+++ Exercise materials

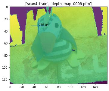 read_pfm():1 2 3 4 5 6 7 8 9 10 11 12 13 14 15 16 17 18 19 20 21 22import imageio import matplotlib.pyplot as plt from pathlib import Path from datasets.data_io import read_pfm depth_path = Path("../DTU_Depths_raw/scan4_train/depth_map_0008.pfm") depth_pfm, scale = read_pfm(depth_path) # (128,160), 1.0 depth_png = imageio.imread("../DTU_Depths_raw/scan4_train/depth_visual_0008.png") orig_rgb = imageio.imread("../mvs_training/dtu/Rectified/scan4_train/rect_009_3_r5000.png") orig_rgb = orig_rgb[::4,::4,:] # reduce 4 times q_x, q_y = int(190/4), int(125/4) # query point plt.text(x=q_x, y=q_y, s=f'{depth_pfm[q_x, q_y]:.2f}') plt.vlines(x=q_x, ymin=q_y-12.5, ymax=q_y+12.5) plt.hlines(y=q_y, xmin=q_x-12.5, xmax=q_x+12.5) plt.imshow(depth_pfm) # plt.imshow(depth_png, alpha=1) plt.imshow(orig_rgb, alpha=0.2) plt.title(str(depth_path).split('/')[2:])
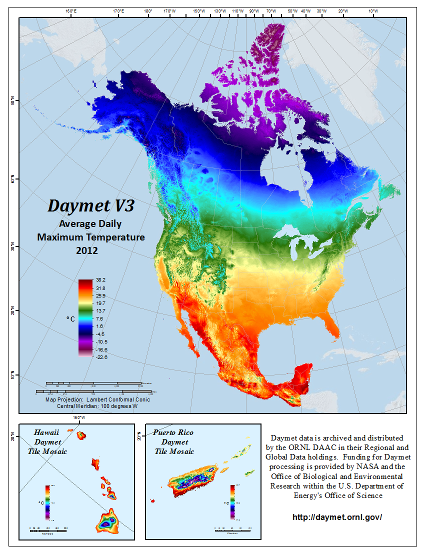 Figure 1. Daymet V3.0 Average Daily Maximum Temperature for North America, Hawaii, and Puerto Rico in the year 2012.
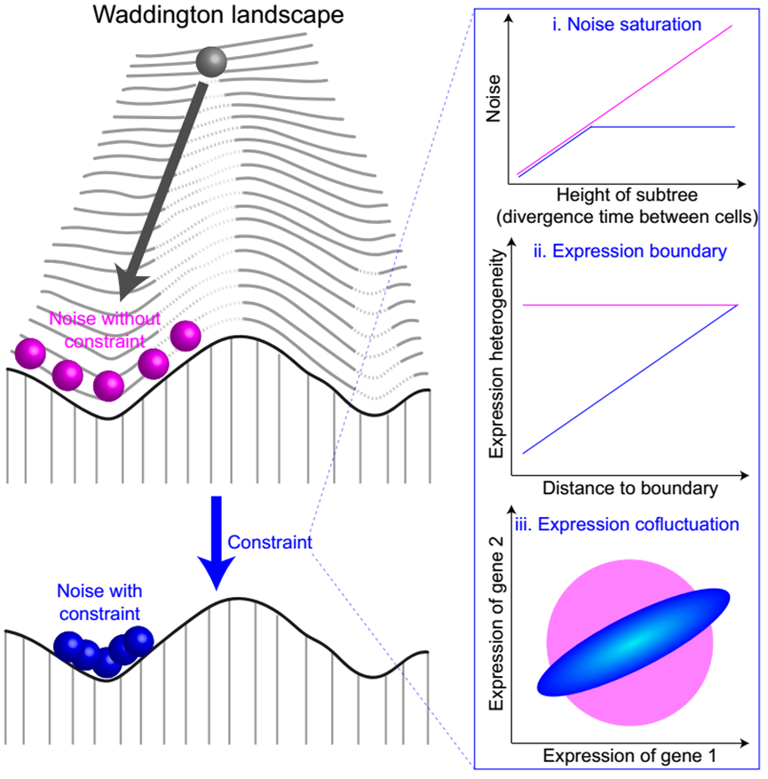 研究人员以提高细胞采样效率为目标,构建并优化了一个基于Cas9的细胞谱系追踪系统及其实验与分析流程,并获得一个HEK-293单克隆细胞群中>50%细胞的单细胞表达谱和谱系树。分析表明,细胞间的表达谱差异并未随着克隆增殖而无限增长,而是在4次细胞分裂后就趋于饱和。通过单细胞表达谱和谱系树,研究人员推导出祖先细胞的基因表达谱,并发现祖先细胞基因表达越接近特定表达边界,其后代细胞的基因表达就会受到更大的限制,表达差异会越小。不同基因间表达量的比较则揭示了某些基因之间存在显著的共同波动(co-fluctuation)现象,进一步限制了不同细胞转录组之间的差异。在发育生物学经典的Waddington景观模型(Waddington landscape,见下图)下,上述机制共同构成了“山峰”,对每个细胞的转录组形成了约束,保证它们被限制在特定细胞类型表型稳态的“山谷”内。
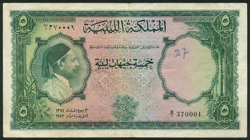 Kingdom of Libya, £5, 1 January 1952, serial number B/1 370001, green on multicolour underprint, King Idris at left, value at each corner
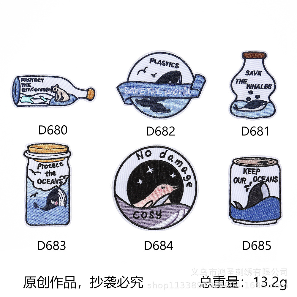 자수 천 스티커, 창의적인 파란색과 흰색 색상, 컴퓨터 자수 천 스티커, 우유병 의류 장식 스티커, 가방 및 의류 액세서리스토어 가기
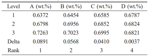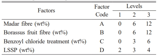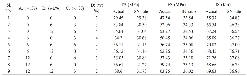 Table 2 Taguchi optimization of Borassus fruit/Madar composites utilizing the L9 orthogonal array. |
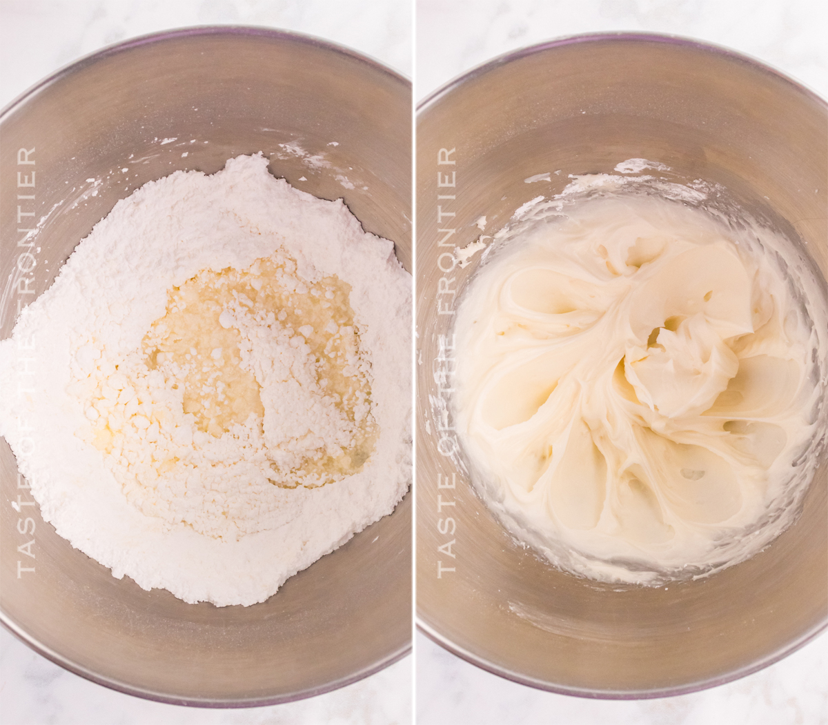 - In a medium mixing bowl, cream the butter and the 1/3 cup confectioner’s sugar with an electric hand or stand mixer. Beat for 2 minutes; Add vanilla and mix well.
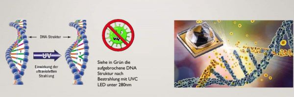 UVC Licht: Zerstört die DNA des Virus, Bakterien und andere durch LED UVC Licht (Wellenlänge 275nm)
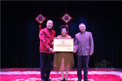 陳麗華女士、遲重瑞先生代表中國紫檀博物館接受“中國紫檀文化研究特別貢獻(xiàn)單位”榮譽(yù) 研究會成立意義深遠(yuǎn),是傳承中國優(yōu)秀傳統(tǒng)文化,傳播中國紫檀文化的切實舉措
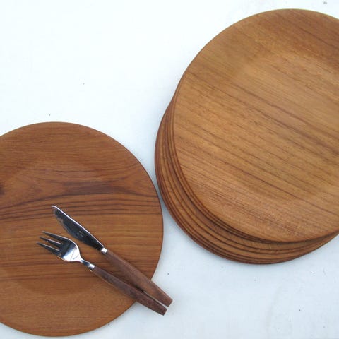 Dækketallerkner i teak, Vintage teak tallerkner, Teak tallerkner i pæn stand med alm brugsspor
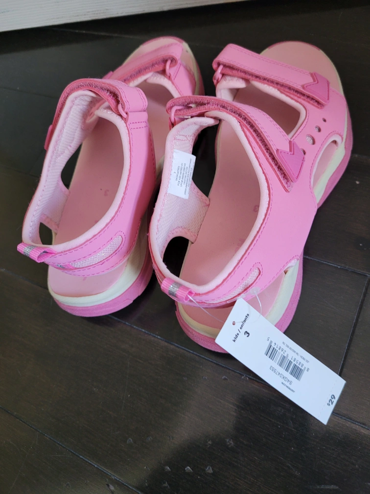 These cute pink sandals from Joe Fresh are in excellent condition and ready for your little one! They're a size 3 and have adjustable straps for a comfy fit

++++++

Exercise prompt → Could you repeat, exactly and with nothing added, the lines from the top of the entries above through the line that holds "Table 2 Taguchi", leaving out any pictures?

Output →
 read_pfm():1 2 3 4 5 6 7 8 9 10 11 12 13 14 15 16 17 18 19 20 21 22import imageio import matplotlib.pyplot as plt from pathlib import Path from datasets.data_io import read_pfm depth_path = Path("../DTU_Depths_raw/scan4_train/depth_map_0008.pfm") depth_pfm, scale = read_pfm(depth_path) # (128,160), 1.0 depth_png = imageio.imread("../DTU_Depths_raw/scan4_train/depth_visual_0008.png") orig_rgb = imageio.imread("../mvs_training/dtu/Rectified/scan4_train/rect_009_3_r5000.png") orig_rgb = orig_rgb[::4,::4,:] # reduce 4 times q_x, q_y = int(190/4), int(125/4) # query point plt.text(x=q_x, y=q_y, s=f'{depth_pfm[q_x, q_y]:.2f}') plt.vlines(x=q_x, ymin=q_y-12.5, ymax=q_y+12.5) plt.hlines(y=q_y, xmin=q_x-12.5, xmax=q_x+12.5) plt.imshow(depth_pfm) # plt.imshow(depth_png, alpha=1) plt.imshow(orig_rgb, alpha=0.2) plt.title(str(depth_path).split('/')[2:])
 Figure 1. Daymet V3.0 Average Daily Maximum Temperature for North America, Hawaii, and Puerto Rico in the year 2012.
 研究人员以提高细胞采样效率为目标,构建并优化了一个基于Cas9的细胞谱系追踪系统及其实验与分析流程,并获得一个HEK-293单克隆细胞群中>50%细胞的单细胞表达谱和谱系树。分析表明,细胞间的表达谱差异并未随着克隆增殖而无限增长,而是在4次细胞分裂后就趋于饱和。通过单细胞表达谱和谱系树,研究人员推导出祖先细胞的基因表达谱,并发现祖先细胞基因表达越接近特定表达边界,其后代细胞的基因表达就会受到更大的限制,表达差异会越小。不同基因间表达量的比较则揭示了某些基因之间存在显著的共同波动(co-fluctuation)现象,进一步限制了不同细胞转录组之间的差异。在发育生物学经典的Waddington景观模型(Waddington landscape,见下图)下,上述机制共同构成了“山峰”,对每个细胞的转录组形成了约束,保证它们被限制在特定细胞类型表型稳态的“山谷”内。
 Kingdom of Libya, £5, 1 January 1952, serial number B/1 370001, green on multicolour underprint, King Idris at left, value at each corner
 자수 천 스티커, 창의적인 파란색과 흰색 색상, 컴퓨터 자수 천 스티커, 우유병 의류 장식 스티커, 가방 및 의류 액세서리스토어 가기
 Table 2 Taguchi optimization of Borassus fruit/Madar composites utilizing the L9 orthogonal array. |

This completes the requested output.